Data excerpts
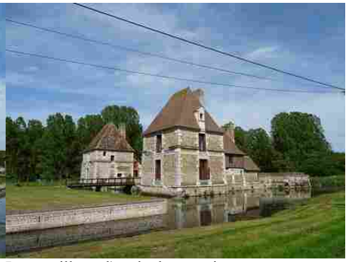
Les pavillons d'angle du manoir
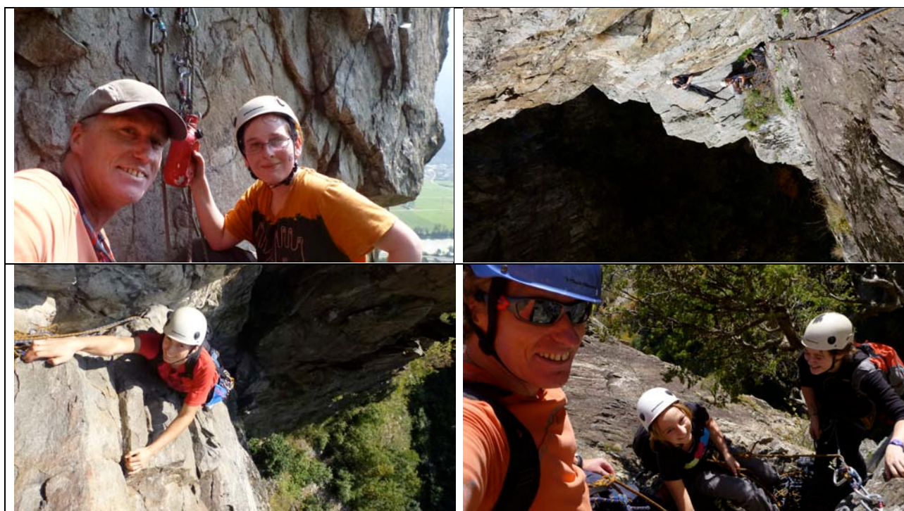
Programmbeschreibung Kletterlager La Dôle 4/4+

Nicht Imbegriffen : Anfahrtskosten zum Lager und Rücktransport.
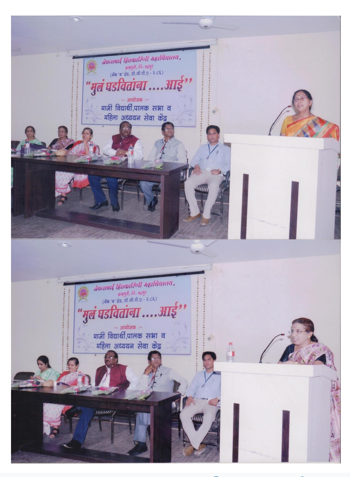
Session 2016 – 17 : Program (मुल घडाविताना. . . . आई) organized by Alumni, Parents & Teacher Association
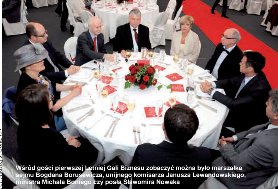
Wśród gości pierwszej Letniej Gali Biznesu zobaczyć można było marszałka sejmu Bogdana Borusewicza, unijnego komisarza Janusza Lewandowskiego, ministra Michała Boniego czy posła Sławomira Nowaka

Podczas Gali pomorscy przedsiębiorcy nagrodzili największe i najbardziej spektakularne biznesowe sukcesy minionych miesięcy i lat. Wręczono trzy
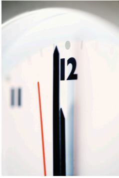
Il est douze heures
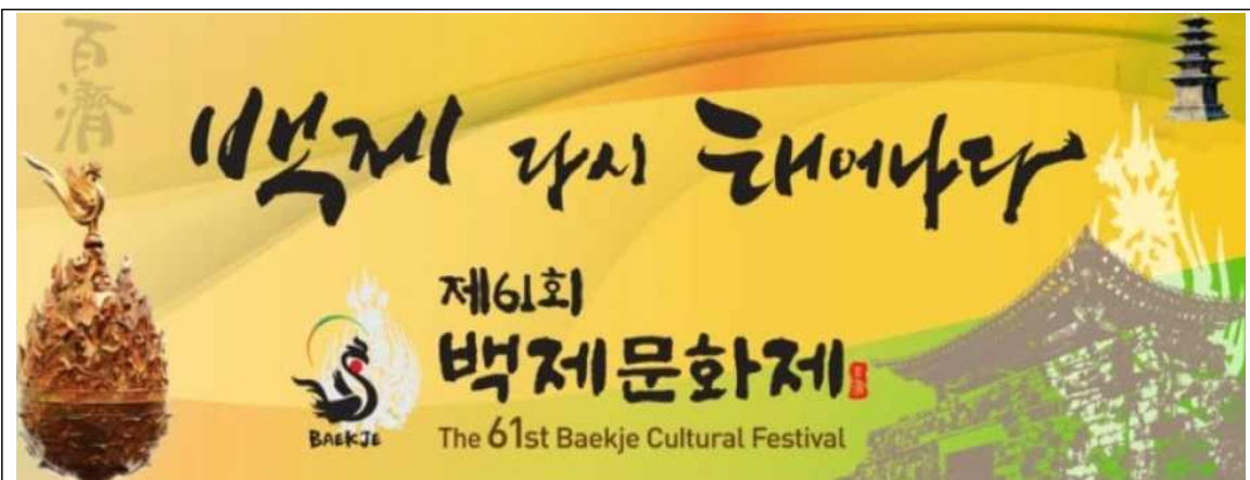
백제문화제 홍보 슬로건

향후 백제역사유적지구의 발전과 백제문화제는 별도의 운영 문제가 아닌 상호 발전적인 시너지 창출을 위한 역할 재조명이 필요할 것으로 판단됨.
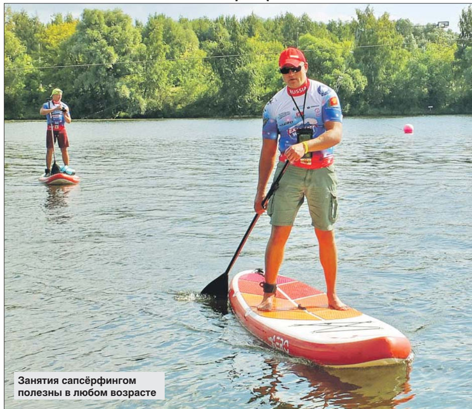
Занятия сапсёрфингом полезны в любом возрасте

Это универсальный вид спорта и отдыха. Круизные SUP-доски годятся для новичков. Туринговые — профессиональные узкие доски, они менее устойчивы, зато развивают хорошую скорость. Big-SUP — это целый плот для корпоративных гонок или для прогулок большой компа-
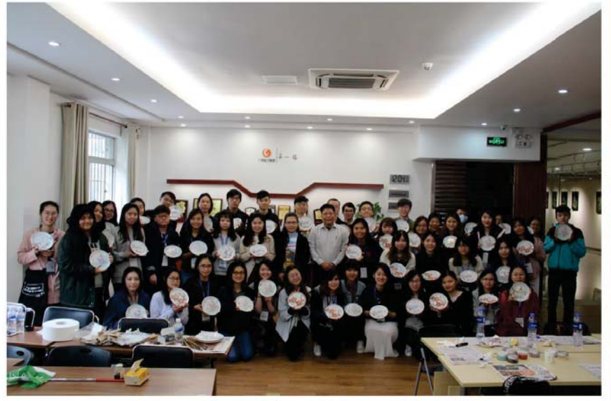
廣彩製作合影留念
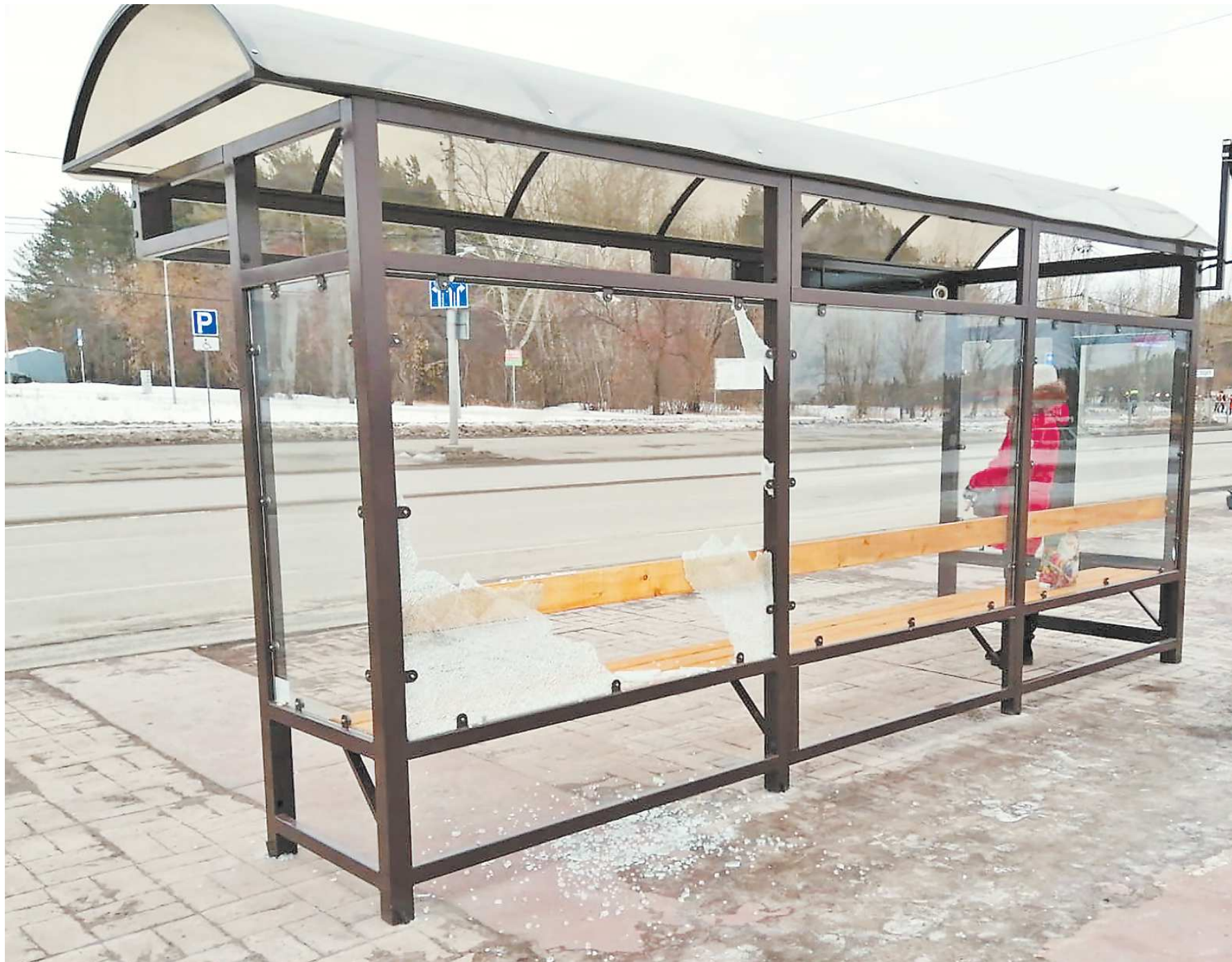
Закаленное стекло в четыре-пять раз прочнее, чем обычное, но от сильного целенаправленного удара тоже ломается, разбиваясь на мелкие осколки с тупыми краями

ПРЕСС-СЛУЖБА АДМИНИСТРАЦИИ КАМЕНСКО-УРАЛЬСКОГО

## TASK OBJECTIVE
The lines from the top of the data above through the one holding "Занятия сапсёрфингом полезны в любом возрасте" are to be repeated exactly, and only those, with no pictures.

## ANSWER BOX
Les pavillons d'angle du manoir
Programmbeschreibung Kletterlager La Dôle 4/4+

Nicht Imbegriffen : Anfahrtskosten zum Lager und Rücktransport.
Session 2016 – 17 : Program (मुल घडाविताना. . . . आई) organized by Alumni, Parents & Teacher Association
Wśród gości pierwszej Letniej Gali Biznesu zobaczyć można było marszałka sejmu Bogdana Borusewicza, unijnego komisarza Janusza Lewandowskiego, ministra Michała Boniego czy posła Sławomira Nowaka

Podczas Gali pomorscy przedsiębiorcy nagrodzili największe i najbardziej spektakularne biznesowe sukcesy minionych miesięcy i lat. Wręczono trzy
Il est douze heures
백제문화제 홍보 슬로건

향후 백제역사유적지구의 발전과 백제문화제는 별도의 운영 문제가 아닌 상호 발전적인 시너지 창출을 위한 역할 재조명이 필요할 것으로 판단됨.
Занятия сапсёрфингом полезны в любом возрасте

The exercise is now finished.